* EXERCISE OBJECTIVE *
For every line in the material, output its text exactly and exclude any image it holds.

* PROVIDED DATA *
※
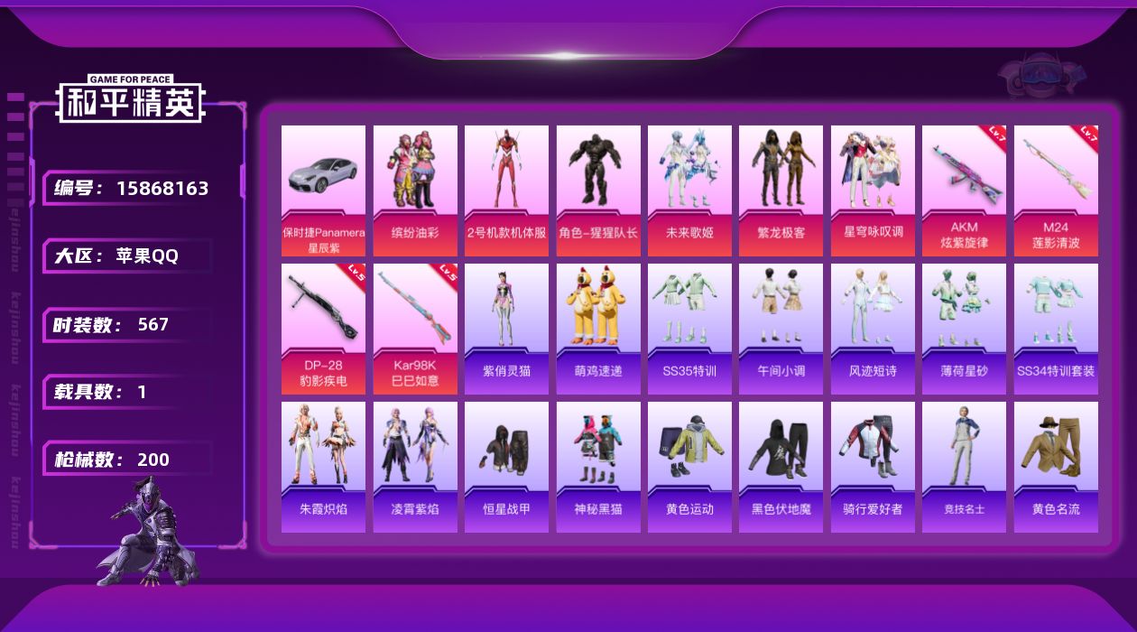 6粉装 4特效枪 1载具 1印记 可二次 可修改实名 【热门装扮】:2号机款机
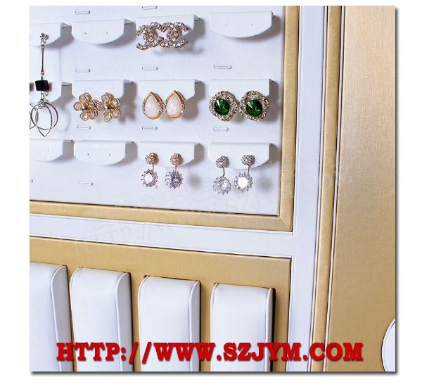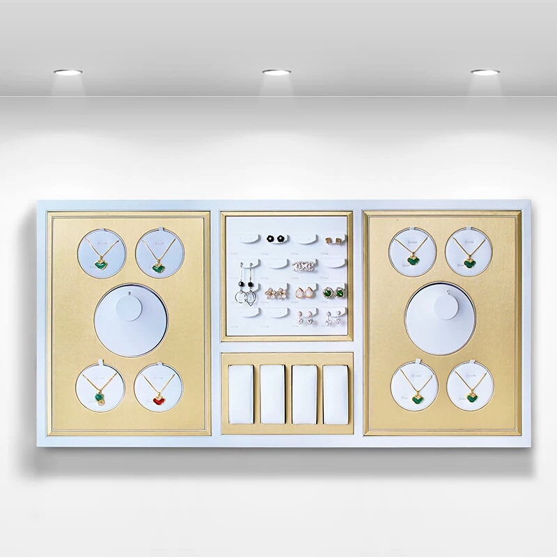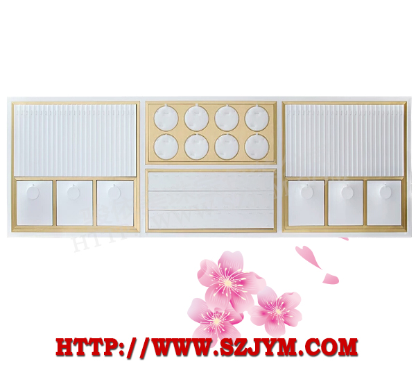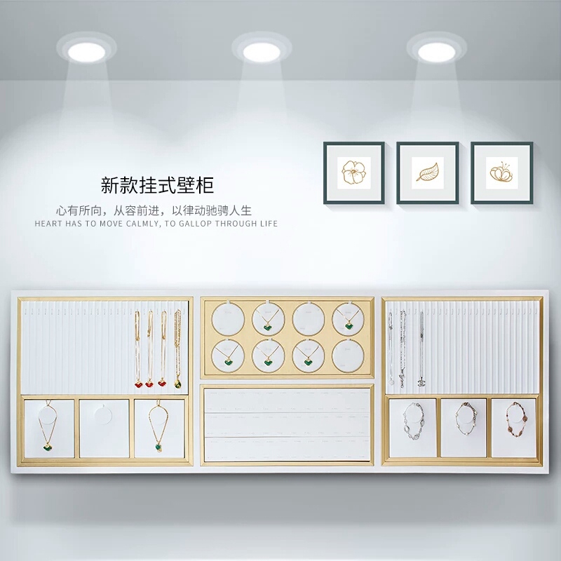 新款挂式壁柜,专为珠宝陈列设计,采用简约现代风格,金色边框搭配白色内衬,层次分明。可灵活展示项链、耳环、戒指等多类饰品,兼具美观与实用性,适用于精品店、商场专柜,提升空间格调与商品吸引力。 English Product Description The new wall-mounted display cabinet TP06 is designed for jewelry presentation, featuring a minimalist modern style with gold frames and white interiors. It offers organized, multi-tiered display for necklaces, earrings, and rings, combining aesthetics with functionality. Ideal for boutiques and retail counters, it enhances spatial elegance and product visibility.
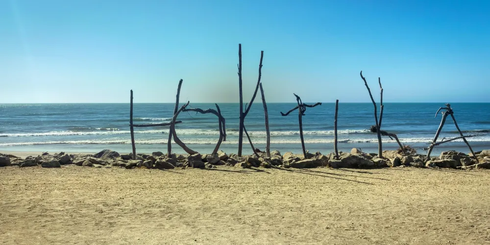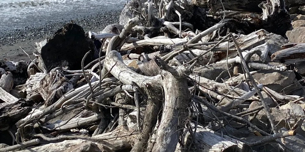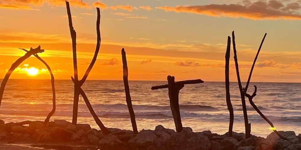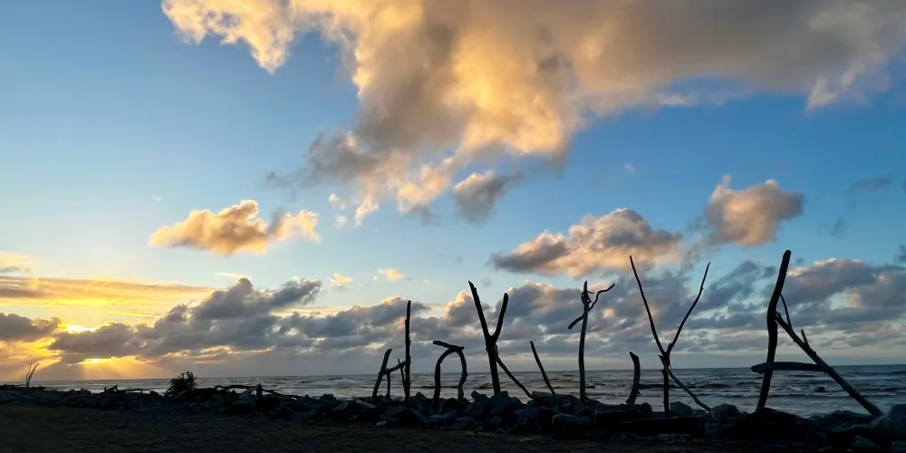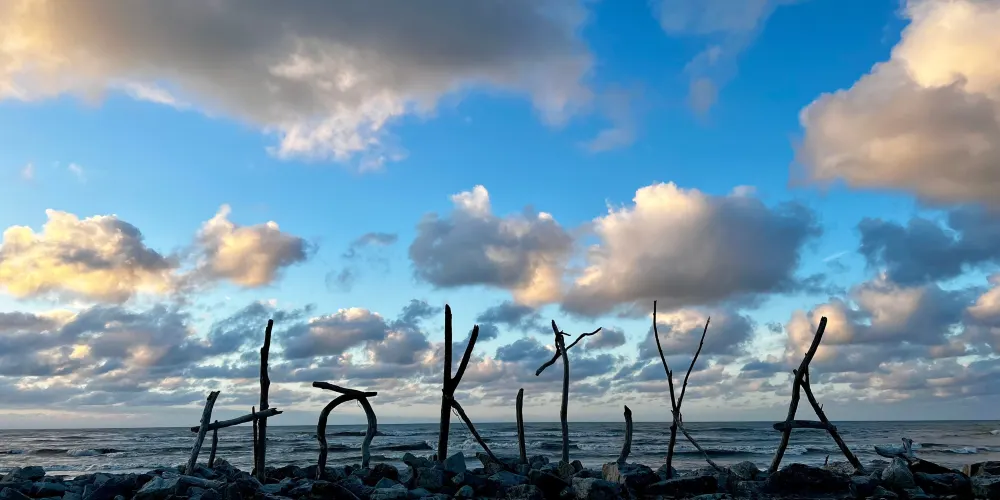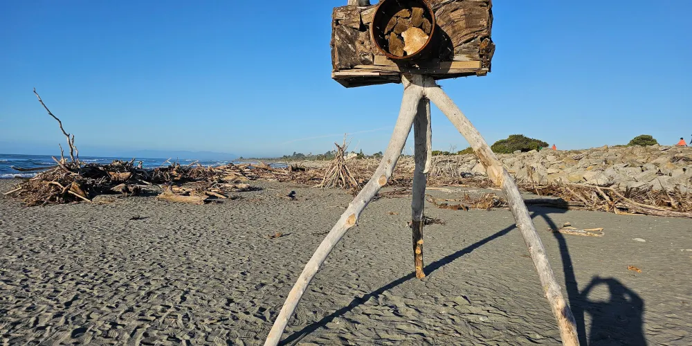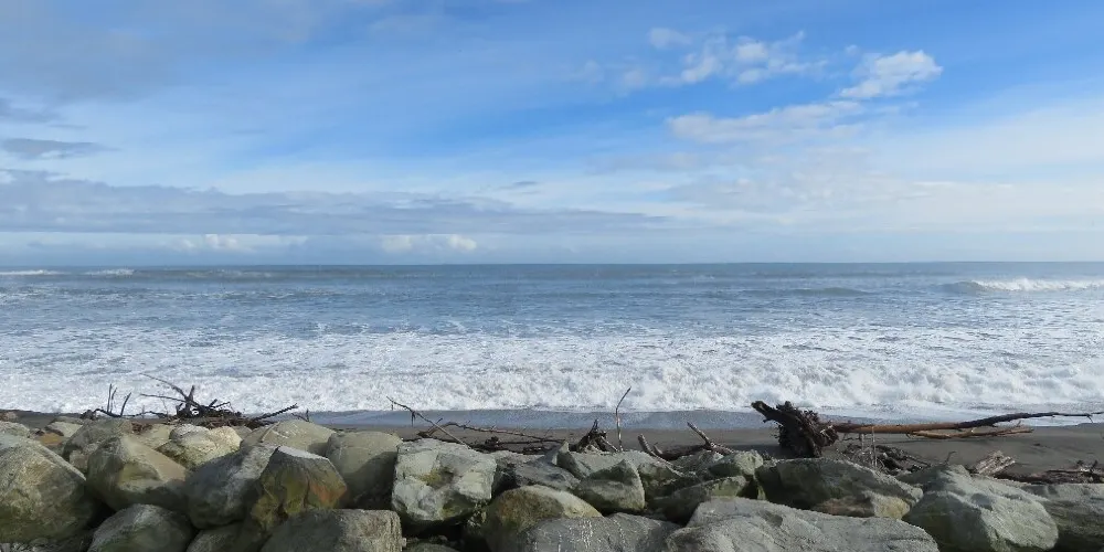 在小城的中心街道就能找到寫着HokitikaBeachAccess的木製的牌子,走進去就能看到一片非常壯闊的海灘。在晴天,綠草茵茵,藍天白雲,黑色沙灘上有白色的石頭。海灘上還有各地藝術家用樹木做出的藝術品,非常漂亮!
※
* OUTPUT *
 6粉装 4特效枪 1载具 1印记 可二次 可修改实名 【热门装扮】:2号机款机
 新款挂式壁柜,专为珠宝陈列设计,采用简约现代风格,金色边框搭配白色内衬,层次分明。可灵活展示项链、耳环、戒指等多类饰品,兼具美观与实用性,适用于精品店、商场专柜,提升空间格调与商品吸引力。 English Product Description The new wall-mounted display cabinet TP06 is designed for jewelry presentation, featuring a minimalist modern style with gold frames and white interiors. It offers organized, multi-tiered display for necklaces, earrings, and rings, combining aesthetics with functionality. Ideal for boutiques and retail counters, it enhances spatial elegance and product visibility.
 在小城的中心街道就能找到寫着HokitikaBeachAccess的木製的牌子,走進去就能看到一片非常壯闊的海灘。在晴天,綠草茵茵,藍天白雲,黑色沙灘上有白色的石頭。海灘上還有各地藝術家用樹木做出的藝術品,非常漂亮!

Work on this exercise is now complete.